Шрифт:
— Ночной звон часов напоминает мне кроткие голоса каких-то дальних друзей, поочередно окликающих меня и спрашивающих: «Что с тобой?»
Одиноко сидя в том жестком кресле, где сейчас сидите вы, я не могу без волнения внимать их бою. Это пора духов, легких духов, которые поддерживают нашу мысль, летящую на прозрачных крылах, и придают ей особенную яркость. Я чувствую, что свободно несу бремя существования по просторам времени, которые она пересекает, а она шепчет мне: «Все, что любимо тобой, уснуло; ни с кем, о ком ты печешься, не может сейчас случиться ничего худого». Мне кажется, будто я один призван бодрствовать и волен тратить, как захочу, мгновения, отпущенные смертным на сон. Да, это моя доля радостей, я наслаждаюсь ею и не обязан отчетом никому из тех, чьи глаза смежены дремой. Такие часы благотворно действуют на меня.

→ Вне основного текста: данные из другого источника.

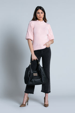 Jeans CREEP vita alta 5 tasche con impunture più f.do sfrangiato denim black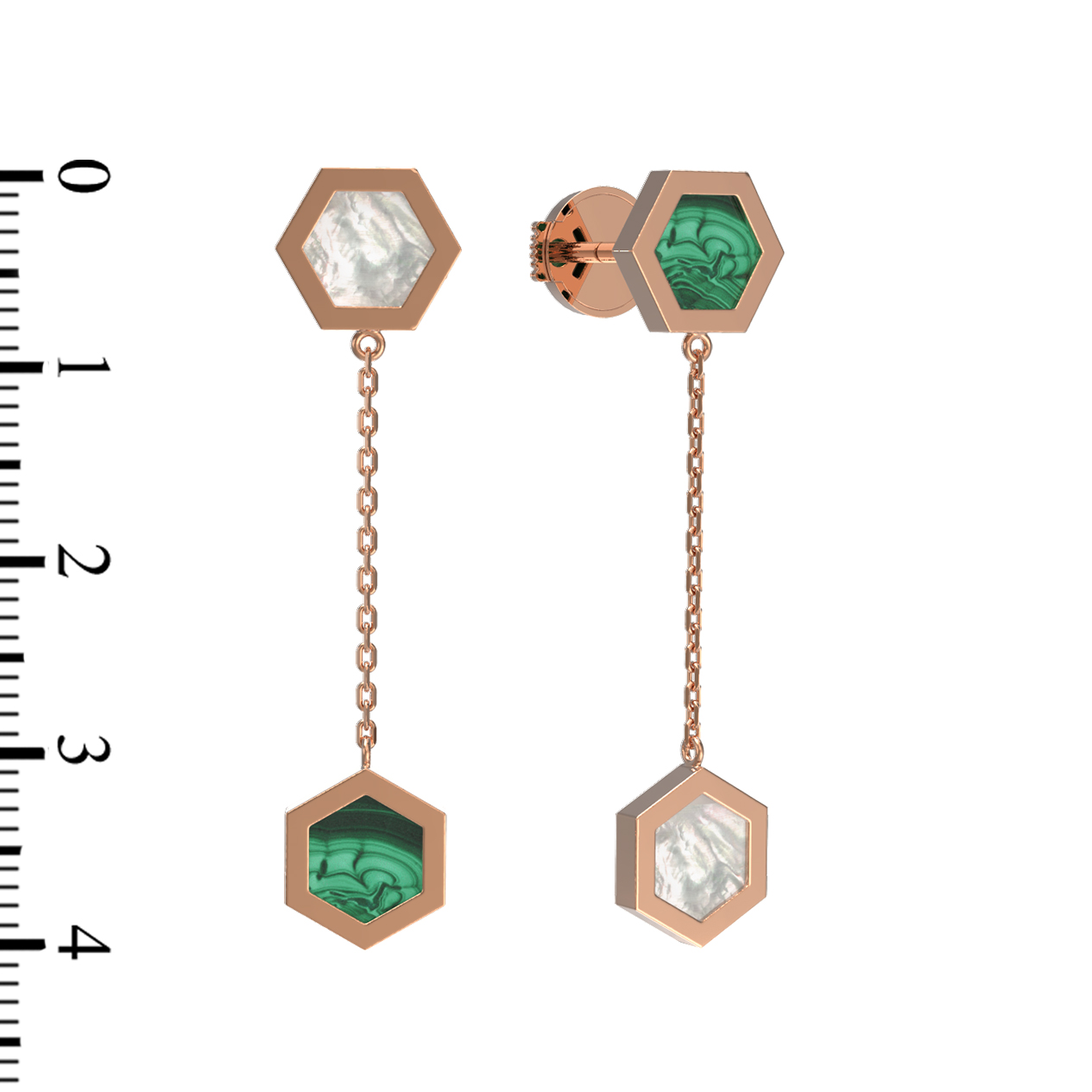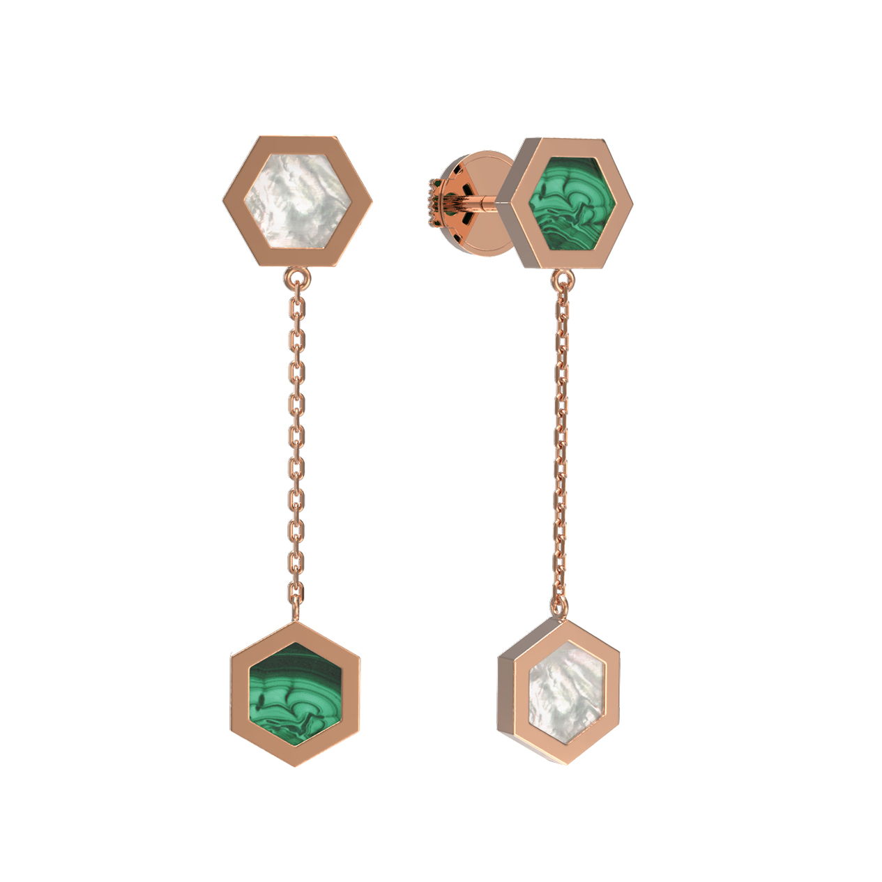 В центре композиции — изысканные вставки из малахита насыщенного зелёного цвета и нежного перламутра. Две вставки гармонично дополняют друг друга, создавая уникальную игру текстур и оттенков при каждом движении. Общее количество вставок в паре — две. Эти серьги из коллекции De Luxe — Молекула универсальны и подходят как для женщин, так и для мужчин, предпочитающих смелые и архитектурные украшения.

Они, мои нежные друзья, почти всегда приносят мне в подарок какое-либо неземное чувство или мысль. Быть может, время, незримое, невесомое и безмерное, словно воздух, так же неотвратимо, как он, оказывает влияние на людей. Недаром бывают и неблагоприятные часы. Такова для меня столь всеми восхваляемая сырая пора зари, сулящая мне лишь тоску и подавленность, потому что вместе с ней на целый утомительно долгий день, который, сдается, никогда не кончится, пробуждается шумная толпа. И если в такой миг в моих глазах вновь читается жизнь, то лишь потому, что на них набегают слезы. Но это все-таки жизнь, и возвращает меня к ней боготворимое мной ночное безмолвие.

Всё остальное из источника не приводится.